▶ _Your objective_: All lines from the one that contains "Hodnota akcií společnosti Yellow Cake je" to the end of the data must be retyped exactly. Pictures are not retyped.

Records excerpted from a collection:

-------------------------

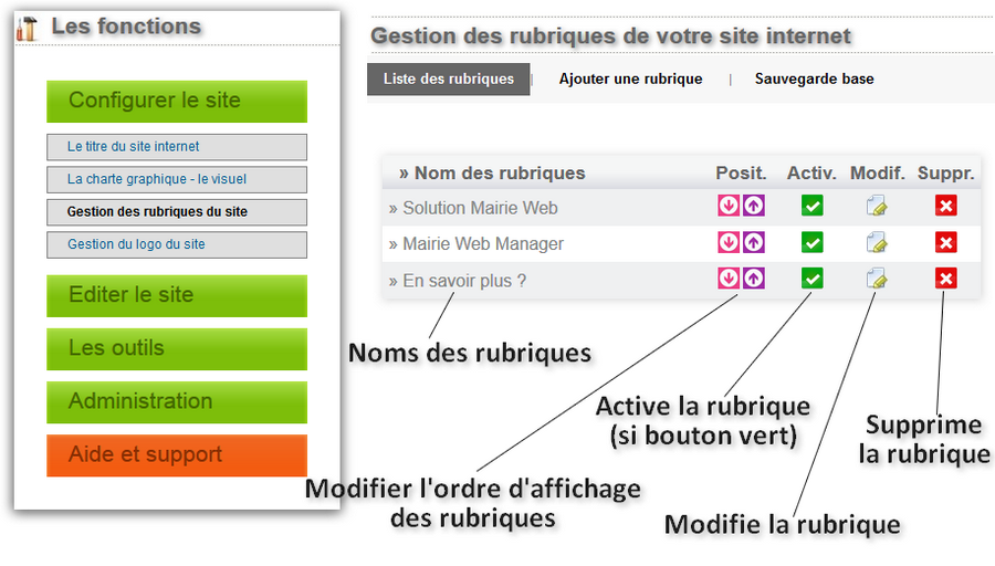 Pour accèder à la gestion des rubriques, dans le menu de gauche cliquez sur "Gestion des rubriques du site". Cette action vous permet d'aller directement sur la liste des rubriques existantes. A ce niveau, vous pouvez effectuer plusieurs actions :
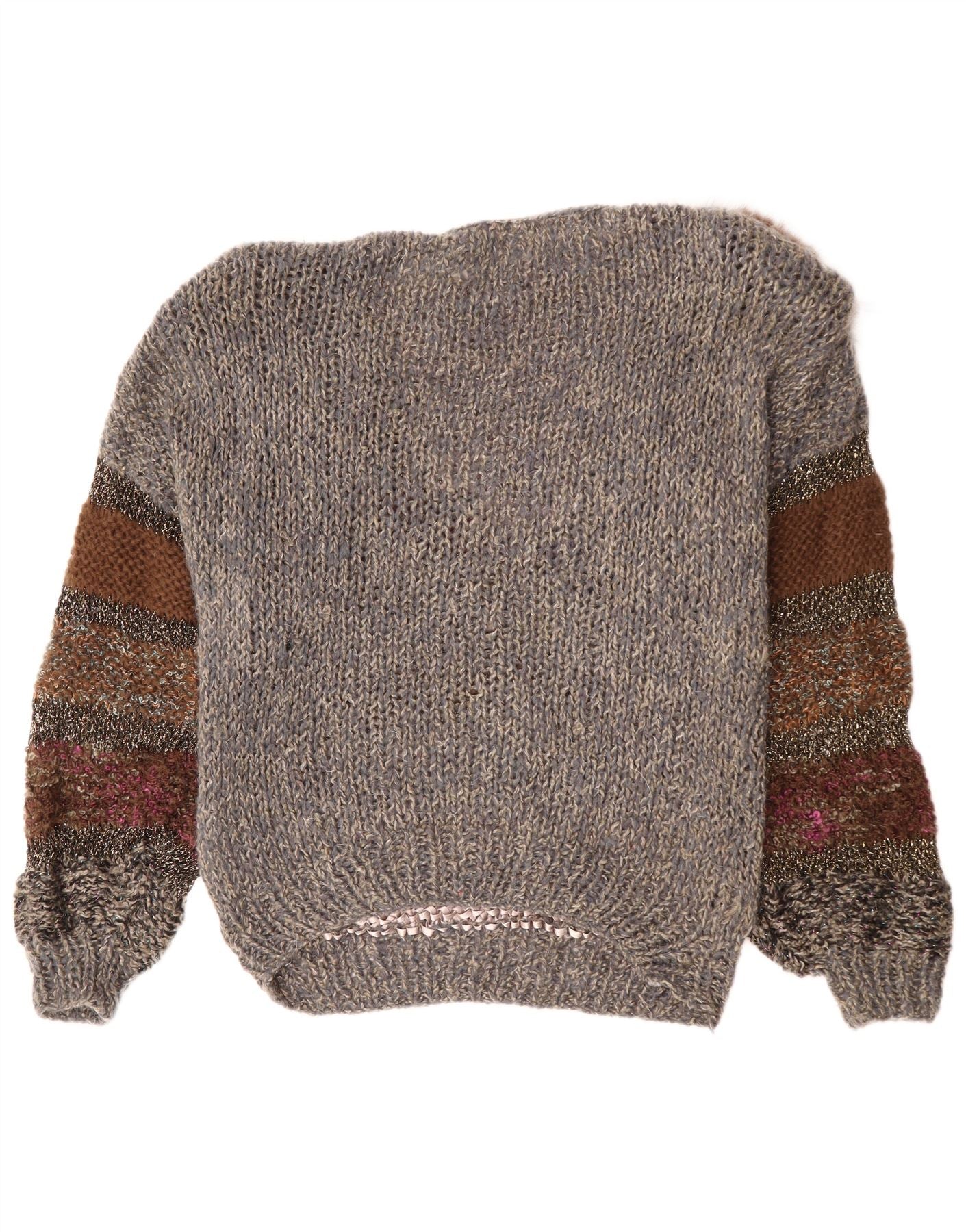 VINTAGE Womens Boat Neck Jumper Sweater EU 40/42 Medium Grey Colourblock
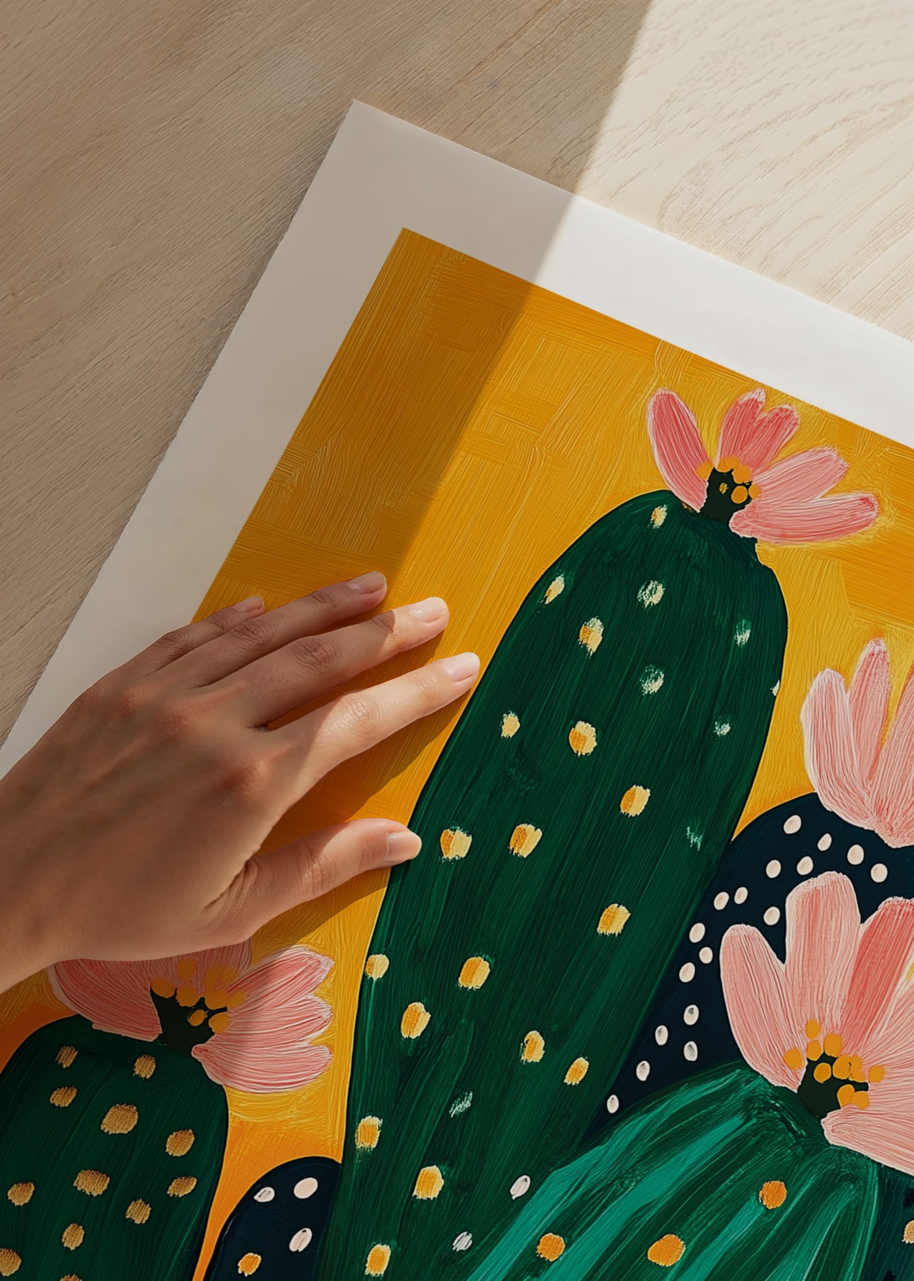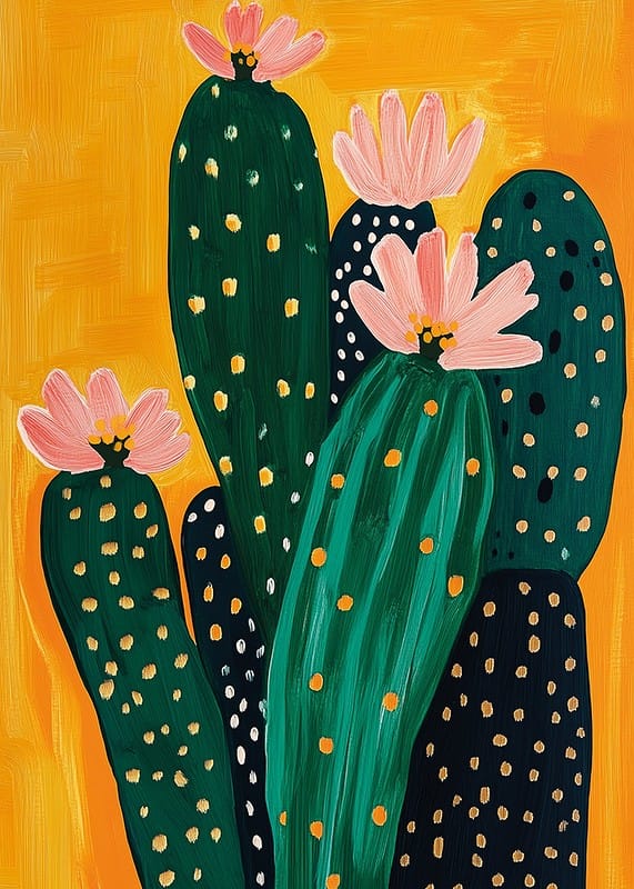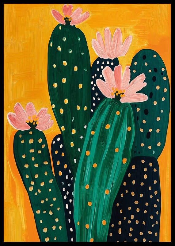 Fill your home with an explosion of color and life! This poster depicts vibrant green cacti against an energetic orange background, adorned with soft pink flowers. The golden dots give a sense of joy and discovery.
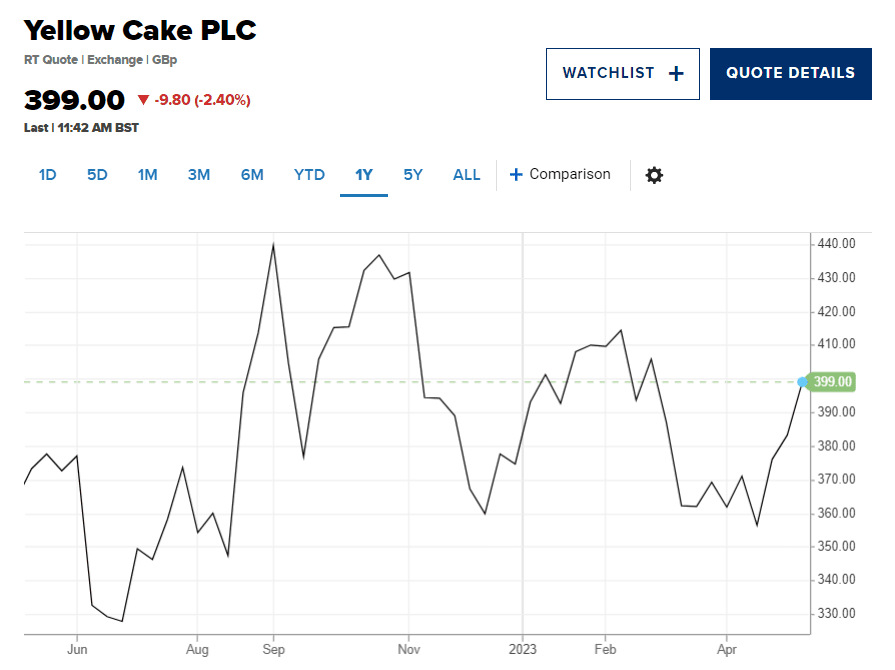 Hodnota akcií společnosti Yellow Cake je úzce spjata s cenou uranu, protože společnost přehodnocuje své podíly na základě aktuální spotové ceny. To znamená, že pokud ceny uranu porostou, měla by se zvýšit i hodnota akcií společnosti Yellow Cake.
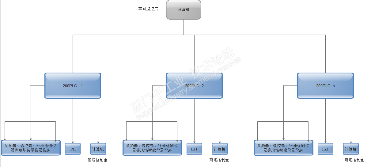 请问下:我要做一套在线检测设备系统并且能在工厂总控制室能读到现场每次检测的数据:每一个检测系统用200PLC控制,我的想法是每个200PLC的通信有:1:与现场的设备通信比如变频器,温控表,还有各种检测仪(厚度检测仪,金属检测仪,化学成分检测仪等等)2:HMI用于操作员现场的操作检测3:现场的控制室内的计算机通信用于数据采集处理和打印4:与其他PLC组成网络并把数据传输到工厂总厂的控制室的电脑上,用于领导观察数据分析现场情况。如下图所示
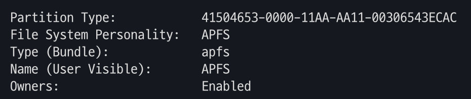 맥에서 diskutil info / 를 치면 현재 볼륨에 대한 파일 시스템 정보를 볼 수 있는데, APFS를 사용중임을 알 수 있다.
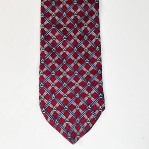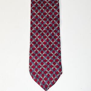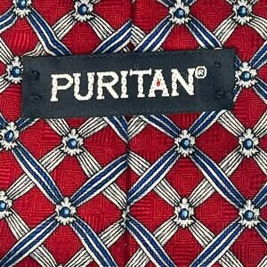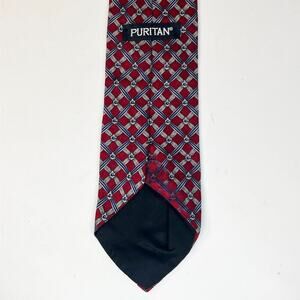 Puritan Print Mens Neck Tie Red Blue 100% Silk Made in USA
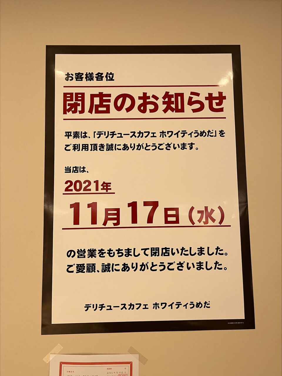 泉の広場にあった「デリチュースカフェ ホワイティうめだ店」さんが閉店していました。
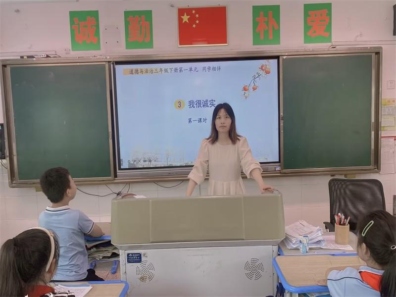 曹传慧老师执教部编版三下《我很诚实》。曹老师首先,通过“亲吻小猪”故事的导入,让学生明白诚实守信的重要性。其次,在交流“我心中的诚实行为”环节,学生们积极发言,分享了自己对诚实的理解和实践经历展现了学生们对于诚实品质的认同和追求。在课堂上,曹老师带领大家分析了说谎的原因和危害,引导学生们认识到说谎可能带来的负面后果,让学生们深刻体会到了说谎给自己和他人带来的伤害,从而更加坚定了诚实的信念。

-------------------------

▶ _Exercise solution_:
 Hodnota akcií společnosti Yellow Cake je úzce spjata s cenou uranu, protože společnost přehodnocuje své podíly na základě aktuální spotové ceny. To znamená, že pokud ceny uranu porostou, měla by se zvýšit i hodnota akcií společnosti Yellow Cake.
 请问下:我要做一套在线检测设备系统并且能在工厂总控制室能读到现场每次检测的数据:每一个检测系统用200PLC控制,我的想法是每个200PLC的通信有:1:与现场的设备通信比如变频器,温控表,还有各种检测仪(厚度检测仪,金属检测仪,化学成分检测仪等等)2:HMI用于操作员现场的操作检测3:现场的控制室内的计算机通信用于数据采集处理和打印4:与其他PLC组成网络并把数据传输到工厂总厂的控制室的电脑上,用于领导观察数据分析现场情况。如下图所示
 맥에서 diskutil info / 를 치면 현재 볼륨에 대한 파일 시스템 정보를 볼 수 있는데, APFS를 사용중임을 알 수 있다.
 Puritan Print Mens Neck Tie Red Blue 100% Silk Made in USA
 泉の広場にあった「デリチュースカフェ ホワイティうめだ店」さんが閉店していました。
 曹传慧老师执教部编版三下《我很诚实》。曹老师首先,通过“亲吻小猪”故事的导入,让学生明白诚实守信的重要性。其次,在交流“我心中的诚实行为”环节,学生们积极发言,分享了自己对诚实的理解和实践经历展现了学生们对于诚实品质的认同和追求。在课堂上,曹老师带领大家分析了说谎的原因和危害,引导学生们认识到说谎可能带来的负面后果,让学生们深刻体会到了说谎给自己和他人带来的伤害,从而更加坚定了诚实的信念。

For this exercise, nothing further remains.